For each field in a document type, ask: 1. Will users search for this conceptually (in their own words)? If yes, **embed it**. 2. Will users filter or sort on this exactly (numbers, IDs, flags)? If yes, keep it **structural only**. 3. Is this internal or workflow-only (notes, states, metadata)? If yes, **exclude it entirely** from projections and embeddings.

Example: Product Projection for Dataset Embeddings

This projection focuses embeddings on human-facing product meaning (title, description, category, key features) while keeping numeric and internal fields out of the embedding space. Structural fields like price and inventory are still available to GROQ filters but do not influence semantic similarity.

export const productEmbeddingProjection = `{
  // Discovery fields (embedded)
  title,
  description,
  "category": category->name,
  // Optional: selected marketing copy that carries real meaning
  keyFeatures[]->featureText,

  // Structural-only fields (NOT embedded, but available via GROQ)
  // These are not part of the projection body sent to the model,
  // but remain on the document for filters and sorting:
  // price,
  // sku,
  // inventory,
  // status,

  // Internal fields are omitted entirely from this projection
  // (e.g. workflowState, editorNotes, cmsMetadata)
}`;

// Usage in a Sanity embedding config (conceptual example)
export const embeddingsConfig = {
  types: {
    product: {
      projection: productEmbeddingProjection,
      // model, chunking, etc.
    }
  }
};

What Happens When You Embed Everything

When you embed an entire document without projections, the vector includes navigation labels, footer text, legal boilerplate, internal metadata, and layout chrome alongside your actual content. This dilutes the semantic signal. A product description embedding that is 30% copyright notice and 20% cookie banner will match differently than one that is pure product description.

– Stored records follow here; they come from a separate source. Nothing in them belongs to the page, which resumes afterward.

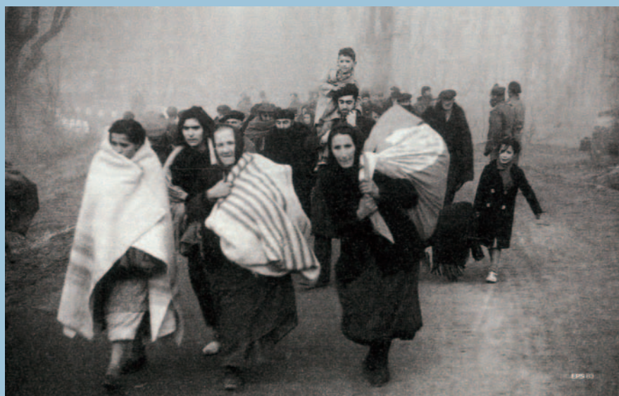
Los desastres de la guerra.

Se ha dicho de él que es el Robert Capa español, pero como todas las simplificaciones, también ésta es inexacta. Ni la cultura, ni la formación, ni el carácter de los dos fotógrafos eran iguales, ni lo eran tampoco las motivaciones éticas de su trabajo. Una monumental exposición inaugurada recientemente en Barcelona nos muestra la evolución de la obra de Agustí Centelles (Valencia, 1909-Barcelona, 1985), desde sus años de formación hasta su madurez, en pleno franquismo. Entre medias, sus memorables estampas de la guerra civil, conservadas clandestinamente en un pequeño pueblo francés y rescatadas en 1976, cuando ya el dictador se había convertido en polvo, bajo las berroqueñas piedras del Valle de los Caídos. Una selección de sus fotografías se muestra ahora en el Palacio de la Virreina de Barcelona, en una espléndida exposición.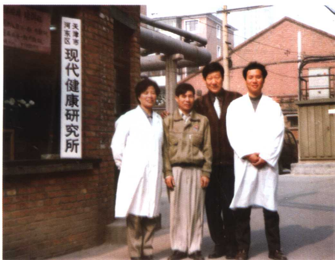
1996年创建现代健康研究所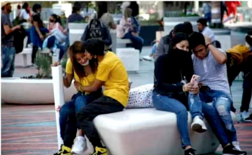
Cuidado. La respuesta inmune es distinta entre pacientes o la inmunidad protectora puede estar incompleta, alertan.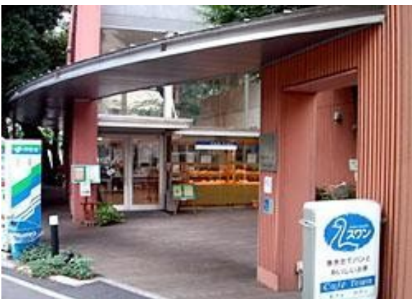
(写真：天気の良い日の就労センター「街」1Fはパン屋さんです)

グループホームに入居し親元を離れての暮らしを始めた方、しばらく離れていた仕事の機会が訪れた方、結婚されたスタッフなど、それぞれの思い切って踏み出した一歩、それが暮らしに節目をもたらしている今があり、その中での思いや戸惑いや希望を語り合いました。その一方、膝や腰の痛みが去らず、この辺が潮時かと仕事から離れることが脳裏をかすめる時があると語る方もあり、現役を離れた自分の今と重ねてその思いをお聞きしました。いずれにしろこの日集った一人ひとりの「今からここから」に思いを馳せる集いでした。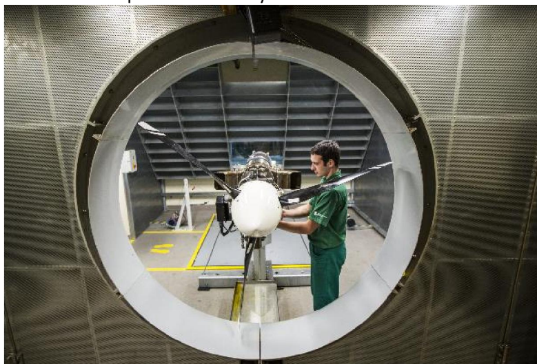
Obr.: Testování turbovrtulového motoru TJ 1P100 ve zkušebně letecké divize PBS

„Dnes představuje vývoj, testování a výroba zařízení pro letecký průmysl nejvýznamnější část naší produkce. Začali jsme s pomocnými energetickými jednotkami a klimatizacemi pro letouny a vrtulníky, později jsme přidali proudové, turbovrtulové a turbohřídelové motory rovněž vlastní konstrukce. Kromě vlastního vývoje a zkušebny disponujeme i širokým výrobním zázemím strojírny a slévárny, které nám poskytuje značnou soběstačnost,“ vysvětluje M. Kafka. V letošním roce se firmě dokonce podařilo představit s odstupem pouhých několika měsíců hned dva nové proudové motory.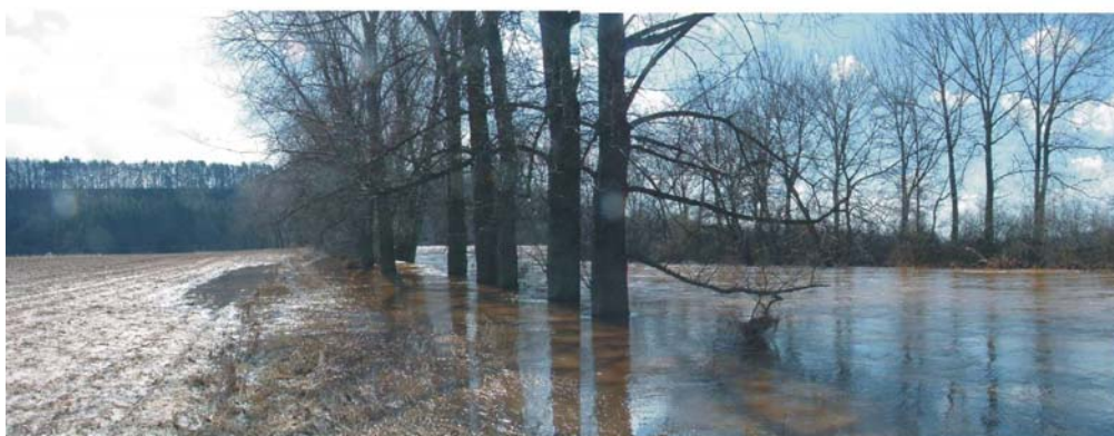
Obr. 24 Předměřice n. Jizerou, 2. dubna 2006 12. h. Profil vodočtu den po kulminaci, pohled proti se stanicí ( v pozadí objekt pražských vodáren). Pohled po vodě poukazuje na levobřežní rozliv pod stanicí.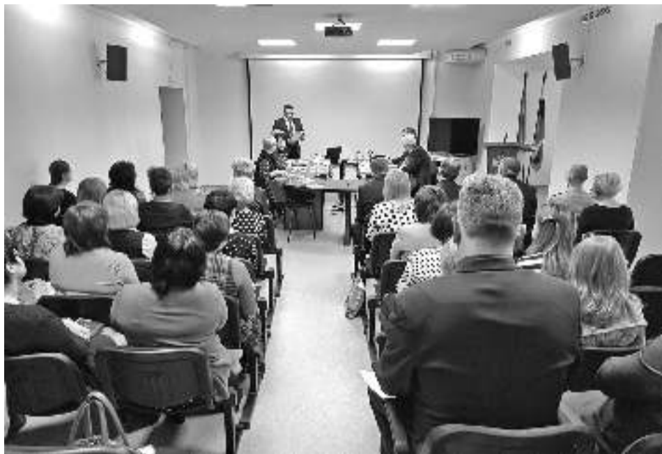
Аппаратное совещание

ПЯТОГО АПРЕЛЯ СОСТОЯЛОСЬ ПЛАНОВОЕ СОВЕЩАНИЕ РУКОВОДИТЕЛЕЙ УЧРЕЖДЕНИЙ ПРИ ГЛАВЕ ГОРОДА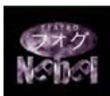
Compania Nebel Teatre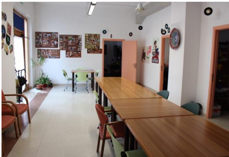
Fig. 1 Salone attività ricreative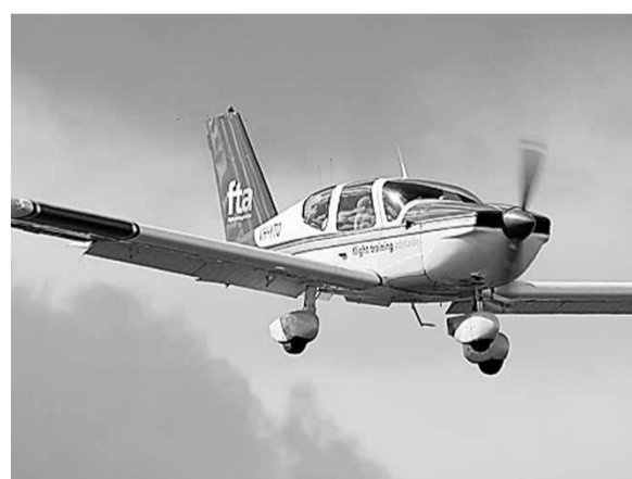
發生無人駕駛事件的同類型飛機。

澳洲發生離奇的航空事故，一名年輕訓練機師在機上不省人事55分鐘，其間飛機無人駕駛250公里，向着茫茫大海飛去。幸好機師最終及時回復知覺，否則勢將命喪大海。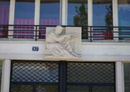
Bas-reliefs de l'avenue Foch, Le Havre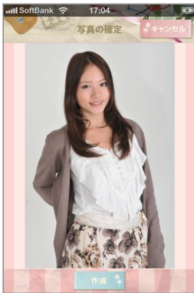
<写メ字にしたい写真を選択>

このメール機能は、「i.spftbank.jp」または「Gmail™」のメールアドレスの設定でご利用いただけます。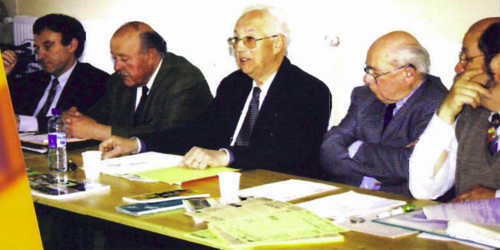
Les responsables de l'ATM au travail

nouveau son action. De nouveaux objectifs sont fixés tels que la promotion collective de fêtes et de manifestations, le désenclavement ferroviaire et routier du Morvan, le soutien logistique à la littérature morvandelle, et l'allongement de la saison touristique.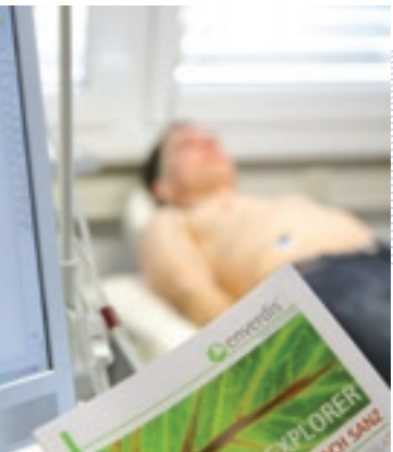
Untersuchung mit dem CARDIOLOGIC EXPLOLER – enverdis GmbH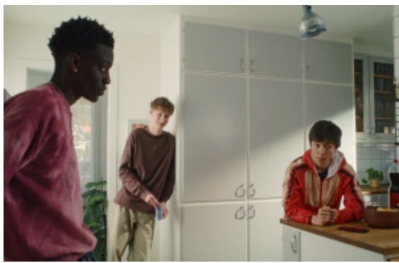
Låt inte tystnaden tala

Webbutbildningarna är kostnadsfria. Mer information om utbildningspaketet och länkar till de olika delarna finns på mucf.se/rattattveta .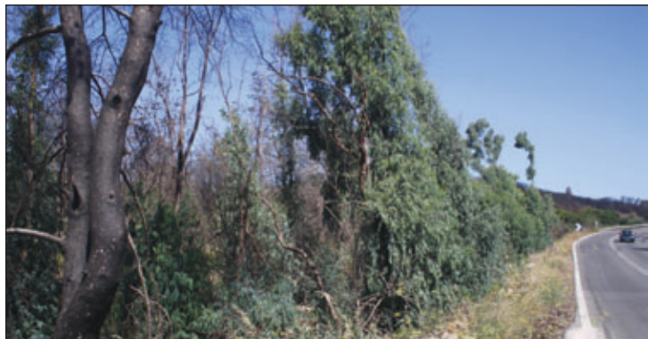
Ο κεντρικός δρόμος στη θέση Κερα-ρήνη. Οι ευκαλύπτοι απέκτησαν ήδη το φύλλο τους. Δίπλα αριστερά, τα πεύκα από το όμορφο δασάκι είναι κάθονο και μένουν εκεί περιμένοντας την κοπή. Ασφαλώς ξέχασαν τις υποσχέσεις ότι τα καμένα θα κοπούν άμεσα!

τικού μηχανισμού! Φυσικά η φύση δεν μπορούσε να περιμένει τον κρατικό μηχανισμό της συμφοράς να πάρει μπροστά. Τα δένδρα έκαναν δειλά-δειλά την εμφάνισή τους και τώρα θα μπουν μέσα (όταν μπουν...) θα τα τσαλαπατήσουν και άντε μετά να γίνει φυσική αναγέννηση. Φυσικά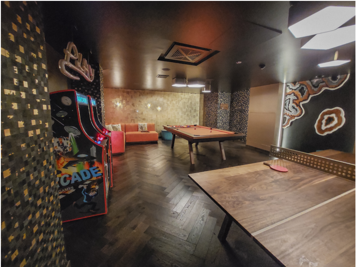
Spielzimmer im Luftschutzraum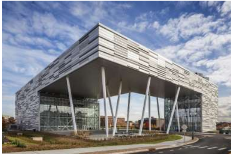
عکس: TEN Arquitectos

جایزه‌ی ملی: دانشکده‌ی کسب‌وکار دانشگاه روتگرز، نیوجرسی، پیسکتاوا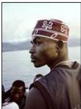
Seulement .25% des résidents des Comores connaissent Christ comme Sauveur.

L'Union des Comores se compose de quatre îles à l'Est de la Côte de l'Afrique. Ces îles sont surpeuplées d'environ 820 000 habitants qui sont presque tous Musulmans. Pas plus de .25% (2.5 personnes pour 1 000) se considèrent Chrétiens .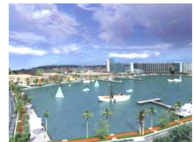
Malecón y Marina, Puerto Peñasco, Sonora, 2008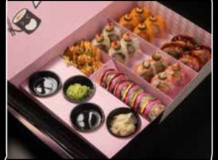
Mini yummy 6 ميني يمي 6 13.5 OMR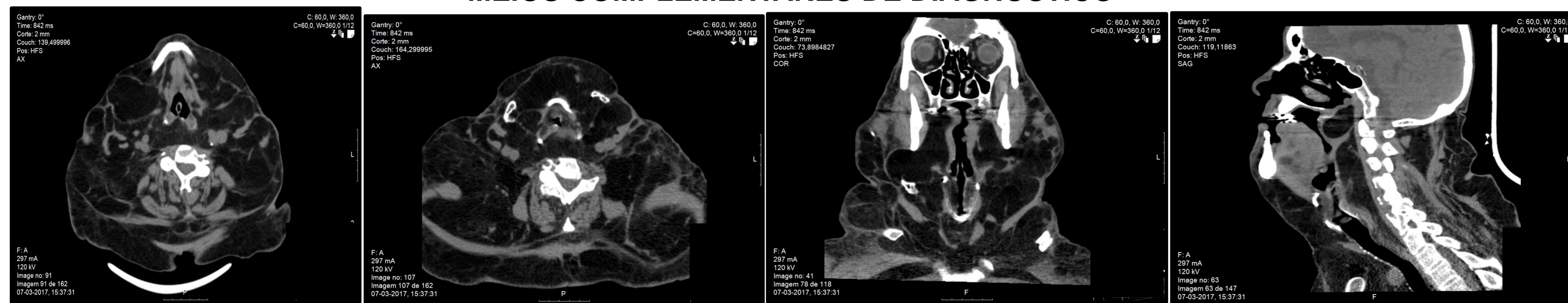
Fig 6-9. Realizou TAC cervical que mostrou "extenso infiltrado adiposo do pescoço supra e infra-hioideu com extensão às regiões axilares e interescapulares, provocando importante deformação do trato aerodigestivo, especialmente da faringe; palato mole redundante com colapso da orofaringe e importante deformação das glândulas salivares com envolvimento do feixe carotídeo-jugular."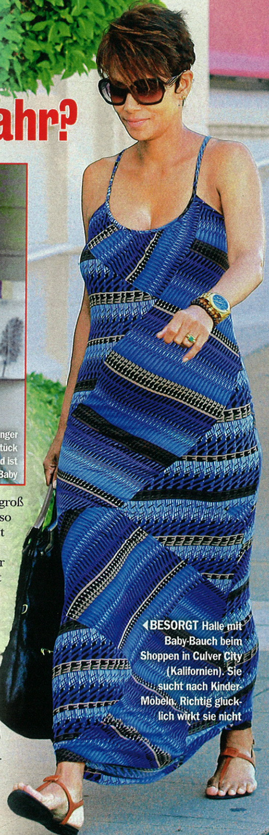
◀ BESORGT Halle mit Baby-Bauch beim Shoppen in Culver City (Kalifornien). Sie sucht nach Kinder-Möbeln. Richtig glücklich wirkt sie nicht

Designing Projections for Clean Embeddings

In Sanity, you define a projection that specifies exactly which fields get embedded. For a product catalog, you might embed the title, description, and category label while excluding price, inventory, SKU, and internal notes. For a knowledge base, you might embed the article body and tags while excluding author metadata and workflow status. The projection ensures your embedding index captures meaning without noise.

Structural Fields Stay Structural

The fields you exclude from the embedding projection are not lost. They remain as typed fields that your agent queries directly via GROQ. Price is queried as a number, not found in an embedding. Inventory is checked as a boolean, not inferred from text. This separation means semantic search handles discovery while structural queries handle precision. The two work together through hybrid search in a single GROQ query.

Agent Context and Projections

When your agent connects to Agent Context, it discovers your schema including which fields are available for structural queries and which are embedded for semantic search. The agent can then construct GROQ queries that use text::semanticSimilarity() on embedded fields for conceptual discovery while applying match() and structural filters on non-embedded fields for precision. The projection design directly shapes the quality of your agent's retrieval.

Getting Started With Projections

Audit your content types and identify which fields carry semantic meaning versus which carry structural data. Configure your embedding projection to include only the semantic fields. Keep structural fields as typed GROQ-queryable data. Enable dataset embeddings and test the quality of semantic search results. Iterate on your projection until the semantic index returns conceptually relevant results without noise from non-semantic fields.